The Hard Part: Confident Wrong Leads
Claude’s main failure mode is assuming causality. An example pattern might be:
- Sees error in Sentry
- Sees a log spike
- Correlates with the customer report
- Concludes root cause
Sometimes it is correlation, not causation. To detect such cases, we use:
- Human intuition
- System knowledge
- Cross-check inconsistencies
AI is very good at being convincingly wrong across multiple systems. This is why:
- Write operations are not fully auto-approved
- Linear issue creation may require operator approval
- Engineers validate before responding
The system accelerates investigation. It does not replace judgment.
Why This Worked
There are three major reasons that made this new system work:
1. We Encoded the Runbook
Support expertise lived in engineers’ heads: now it lives in CLAUDE.md.
- Parallel search rules.
- Specific Sentry query shapes.
- Mandatory time-window scans.
- GitHub outage checks.
This standardization alone would have improved quality. Claude just executes it faster.
2. MCP as a Clean Abstraction
MCP gave us:
- Unified tool discovery
- Schema validation
- Clear permission control
- Separation between remote and local systems
MCP avoids using custom protocols, gluing microservices, and having to manage a persistent backend. It just leverages a simple GitHub repository.
3. Low Build Cost
Building the entire repository took around 10 hours.
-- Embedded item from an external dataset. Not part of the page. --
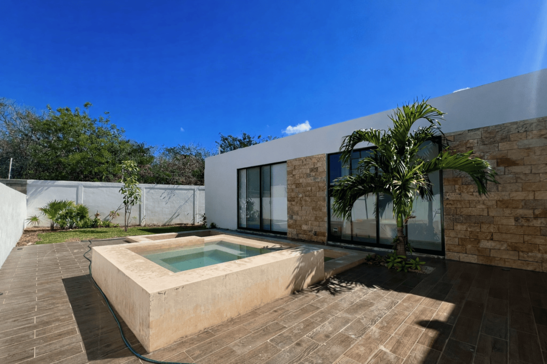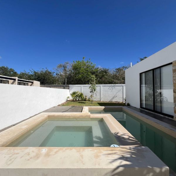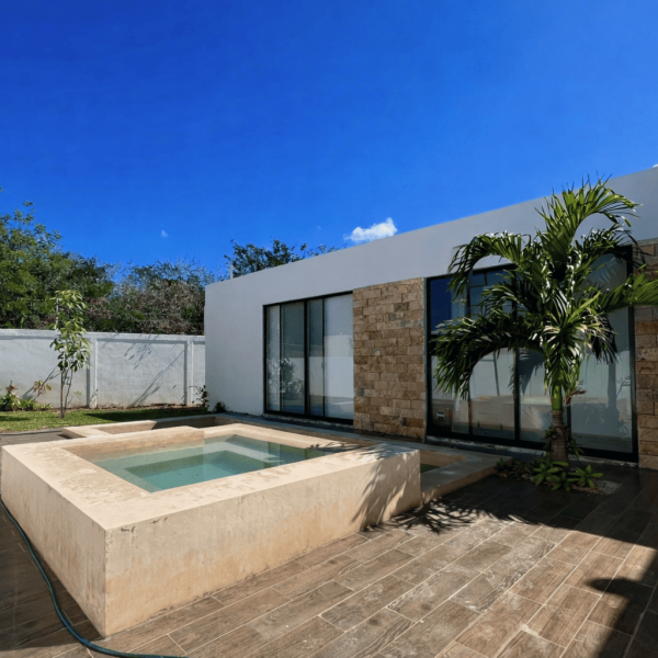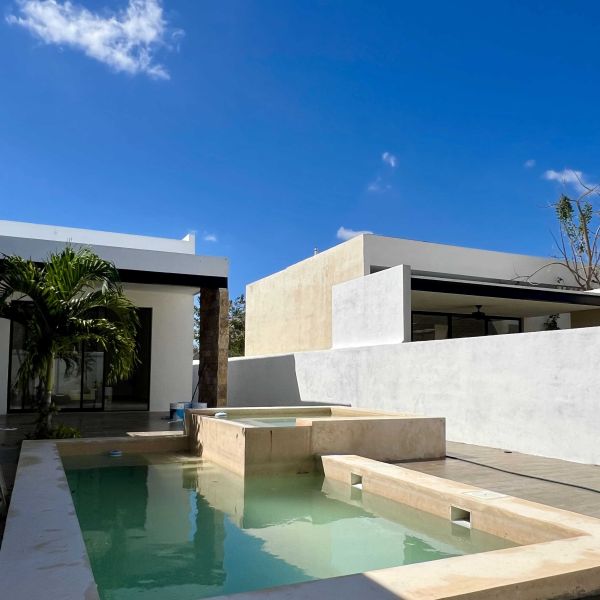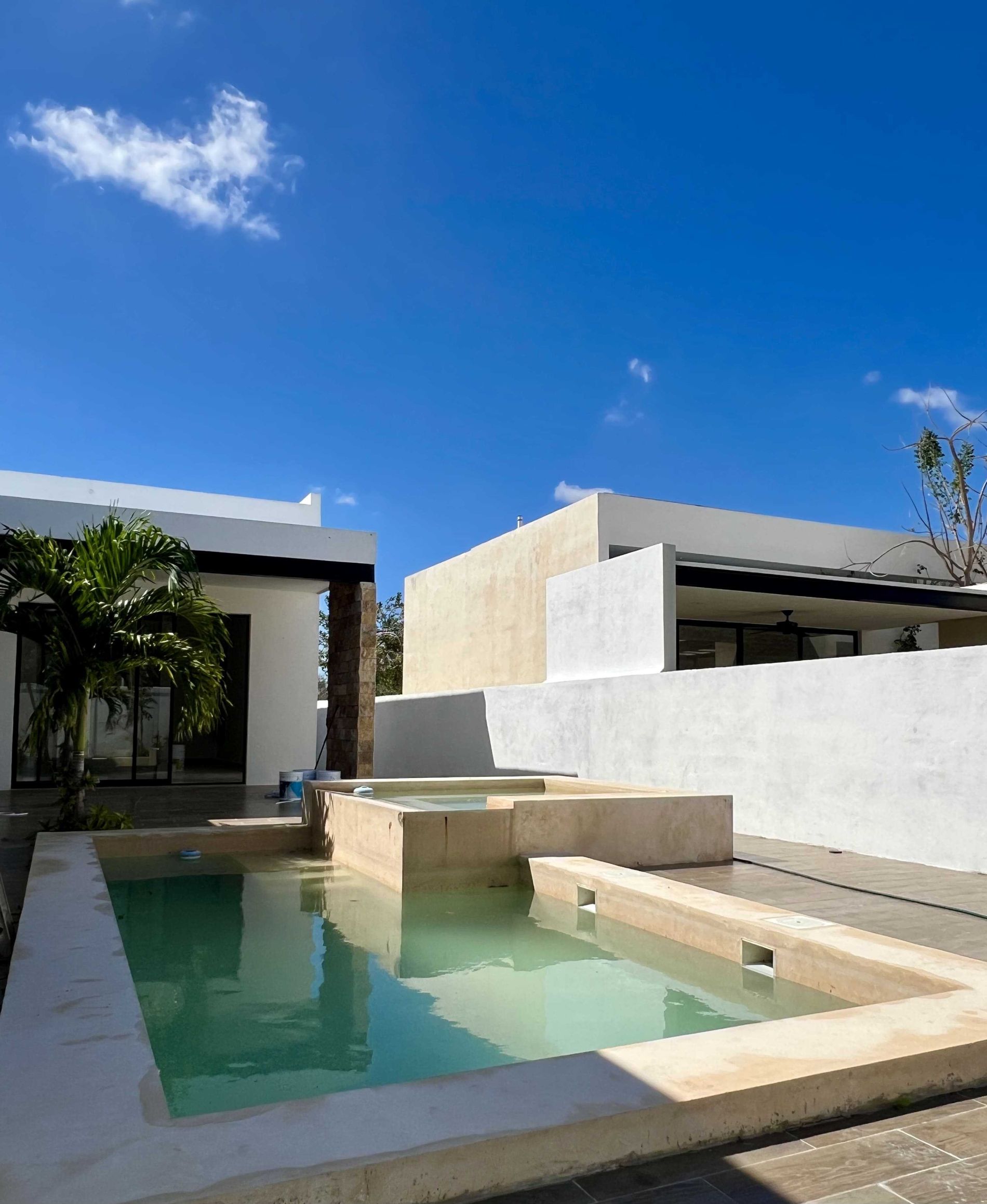 Alberca y jacuzzi con acabados de chukum y sistema de filtrado

Thanks to Claude Code, development ran in parallel with other work. The MCP servers were thin wrappers.
The key insight: you don’t need a big AI platform to get leverage. You need integration depth.
What’s Next: Autonomous Triage
Today triage is interactive: engineer runs Claude → gets investigation.
Our next step would be:
-
Background worker triggered on ticket creation
-
Automatically generates an investigation note
-
Stores:
-
Compressed reasoning trace
-
Structured investigation graph
- Attaches context to support the platform
When the engineer reads the ticket, the investigation is already there.
This moves from a human-driven AI assistant to an AI-prepared human decision.
However, we are cautious here: wrong-lead risk increases when no human seeds context. The structured investigation graph is key to making the reasoning auditable.
Conclusion
Support triage is distributed debugging. The hard part is not finding information — it is assembling context from systems that were never designed to share it.
Claude Code and MCP gave us a way to collapse that fragmentation without building new infrastructure. A repository, a few thin wrappers, and an explicit runbook. Total investment: about 10 hours.
What changed is not the speed (though that matters). It is the shift from active investigation to review. Engineers now spend their time validating hypotheses instead of constructing them.
We think the next step — pre-computed investigations attached to tickets before a human opens them — is where this gets genuinely interesting. But even without that, the current setup has already changed how our team thinks about support.